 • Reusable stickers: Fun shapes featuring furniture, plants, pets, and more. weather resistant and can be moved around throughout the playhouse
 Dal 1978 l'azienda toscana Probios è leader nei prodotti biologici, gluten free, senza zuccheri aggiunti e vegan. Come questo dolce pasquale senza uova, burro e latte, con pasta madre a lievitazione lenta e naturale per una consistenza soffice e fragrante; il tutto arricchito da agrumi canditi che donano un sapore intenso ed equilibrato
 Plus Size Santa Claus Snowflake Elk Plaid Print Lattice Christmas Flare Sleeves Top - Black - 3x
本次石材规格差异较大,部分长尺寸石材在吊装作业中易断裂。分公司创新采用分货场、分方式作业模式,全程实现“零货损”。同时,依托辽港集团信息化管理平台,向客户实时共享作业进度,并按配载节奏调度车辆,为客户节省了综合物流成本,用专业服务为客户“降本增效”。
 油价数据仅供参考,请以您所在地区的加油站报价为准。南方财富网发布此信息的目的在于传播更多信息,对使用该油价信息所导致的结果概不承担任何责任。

════════════════════

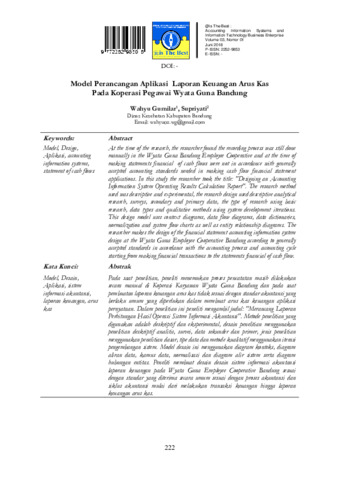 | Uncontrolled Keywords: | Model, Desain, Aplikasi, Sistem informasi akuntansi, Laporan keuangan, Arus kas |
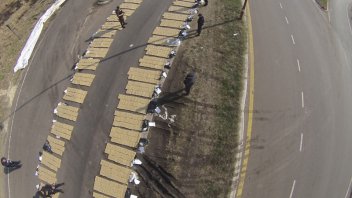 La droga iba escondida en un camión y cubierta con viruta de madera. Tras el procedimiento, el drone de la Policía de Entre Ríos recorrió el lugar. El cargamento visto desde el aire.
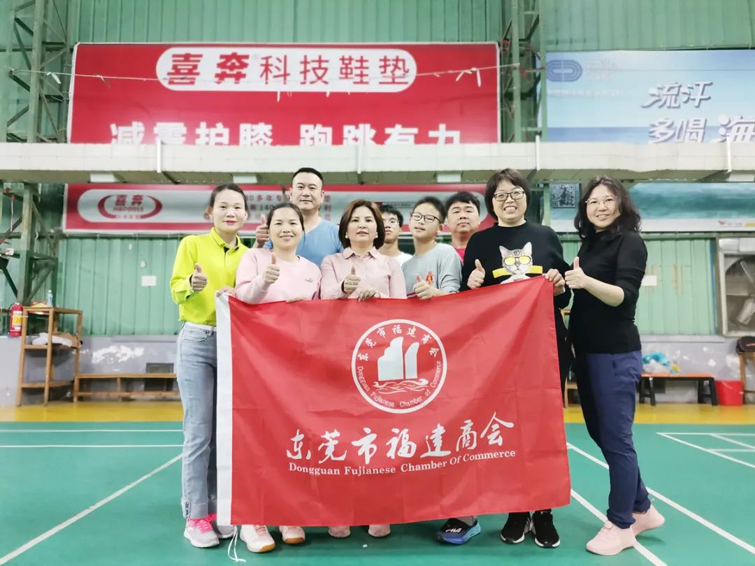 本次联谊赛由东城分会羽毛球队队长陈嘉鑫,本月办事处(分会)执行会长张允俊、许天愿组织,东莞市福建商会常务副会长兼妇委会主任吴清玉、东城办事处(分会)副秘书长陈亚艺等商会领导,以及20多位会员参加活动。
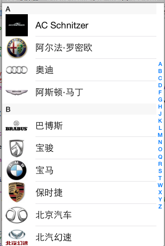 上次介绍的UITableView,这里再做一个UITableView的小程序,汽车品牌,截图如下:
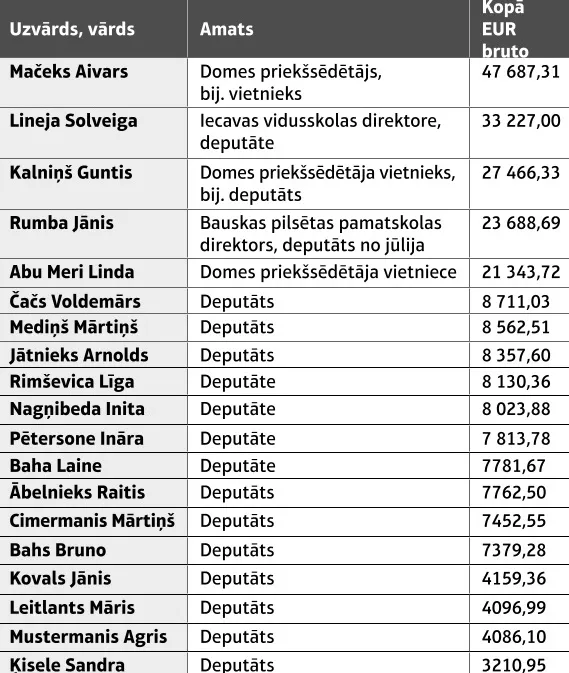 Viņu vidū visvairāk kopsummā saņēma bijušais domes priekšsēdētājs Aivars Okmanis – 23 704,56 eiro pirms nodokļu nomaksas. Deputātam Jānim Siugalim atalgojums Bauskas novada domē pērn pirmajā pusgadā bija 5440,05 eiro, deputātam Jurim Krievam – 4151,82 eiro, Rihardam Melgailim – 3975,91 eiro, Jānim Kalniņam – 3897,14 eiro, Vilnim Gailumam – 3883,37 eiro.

════════════════════

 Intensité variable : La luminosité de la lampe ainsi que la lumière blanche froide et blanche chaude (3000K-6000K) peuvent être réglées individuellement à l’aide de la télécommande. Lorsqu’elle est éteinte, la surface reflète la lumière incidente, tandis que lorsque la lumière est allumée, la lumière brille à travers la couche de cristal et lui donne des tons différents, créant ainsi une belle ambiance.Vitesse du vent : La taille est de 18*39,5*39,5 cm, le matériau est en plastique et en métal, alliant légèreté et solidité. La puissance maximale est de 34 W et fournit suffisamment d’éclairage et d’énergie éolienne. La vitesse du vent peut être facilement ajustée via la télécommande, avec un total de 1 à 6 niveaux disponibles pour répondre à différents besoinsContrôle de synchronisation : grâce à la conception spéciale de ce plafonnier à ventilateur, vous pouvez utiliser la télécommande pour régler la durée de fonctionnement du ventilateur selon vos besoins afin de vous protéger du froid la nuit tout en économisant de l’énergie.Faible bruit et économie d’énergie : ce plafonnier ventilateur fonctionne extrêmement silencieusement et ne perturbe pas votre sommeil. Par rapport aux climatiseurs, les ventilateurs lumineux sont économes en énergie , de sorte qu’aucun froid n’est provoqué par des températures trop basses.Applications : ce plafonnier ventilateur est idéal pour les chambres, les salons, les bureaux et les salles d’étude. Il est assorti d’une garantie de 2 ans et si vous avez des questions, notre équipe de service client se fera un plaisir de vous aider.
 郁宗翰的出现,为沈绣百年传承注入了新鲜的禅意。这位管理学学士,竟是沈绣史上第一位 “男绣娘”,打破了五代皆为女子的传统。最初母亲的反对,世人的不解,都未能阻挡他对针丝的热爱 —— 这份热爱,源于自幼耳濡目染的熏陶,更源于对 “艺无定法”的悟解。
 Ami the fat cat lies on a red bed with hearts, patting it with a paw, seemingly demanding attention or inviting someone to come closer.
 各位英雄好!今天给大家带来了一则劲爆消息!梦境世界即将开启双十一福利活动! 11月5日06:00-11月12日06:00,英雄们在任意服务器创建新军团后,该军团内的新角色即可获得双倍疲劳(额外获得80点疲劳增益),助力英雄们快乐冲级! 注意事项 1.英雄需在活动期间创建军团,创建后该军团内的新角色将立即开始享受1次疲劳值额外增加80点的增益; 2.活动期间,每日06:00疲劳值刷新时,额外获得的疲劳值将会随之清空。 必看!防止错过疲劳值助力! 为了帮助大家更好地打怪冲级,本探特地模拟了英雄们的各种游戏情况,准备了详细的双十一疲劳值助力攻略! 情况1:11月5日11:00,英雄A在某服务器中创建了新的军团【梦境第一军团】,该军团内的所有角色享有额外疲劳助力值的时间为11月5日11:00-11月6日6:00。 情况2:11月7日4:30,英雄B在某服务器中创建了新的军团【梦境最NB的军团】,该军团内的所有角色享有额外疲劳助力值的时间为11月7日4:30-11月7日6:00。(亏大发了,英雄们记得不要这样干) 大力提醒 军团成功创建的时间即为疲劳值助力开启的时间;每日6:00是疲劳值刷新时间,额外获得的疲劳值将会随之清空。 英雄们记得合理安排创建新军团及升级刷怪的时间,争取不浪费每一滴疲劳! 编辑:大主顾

════════════════════

§ Exercise instructions:
Copy exactly the part of the material above that opens with the line containing "keuangan, Arus kas |" and closes with the line containing "Viņu vidū visvairāk", ends included. Drop the images.

§ Exercise response:
 | Uncontrolled Keywords: | Model, Desain, Aplikasi, Sistem informasi akuntansi, Laporan keuangan, Arus kas |
 La droga iba escondida en un camión y cubierta con viruta de madera. Tras el procedimiento, el drone de la Policía de Entre Ríos recorrió el lugar. El cargamento visto desde el aire.
 本次联谊赛由东城分会羽毛球队队长陈嘉鑫,本月办事处(分会)执行会长张允俊、许天愿组织,东莞市福建商会常务副会长兼妇委会主任吴清玉、东城办事处(分会)副秘书长陈亚艺等商会领导,以及20多位会员参加活动。
 上次介绍的UITableView,这里再做一个UITableView的小程序,汽车品牌,截图如下:
 Viņu vidū visvairāk kopsummā saņēma bijušais domes priekšsēdētājs Aivars Okmanis – 23 704,56 eiro pirms nodokļu nomaksas. Deputātam Jānim Siugalim atalgojums Bauskas novada domē pērn pirmajā pusgadā bija 5440,05 eiro, deputātam Jurim Krievam – 4151,82 eiro, Rihardam Melgailim – 3975,91 eiro, Jānim Kalniņam – 3897,14 eiro, Vilnim Gailumam – 3883,37 eiro.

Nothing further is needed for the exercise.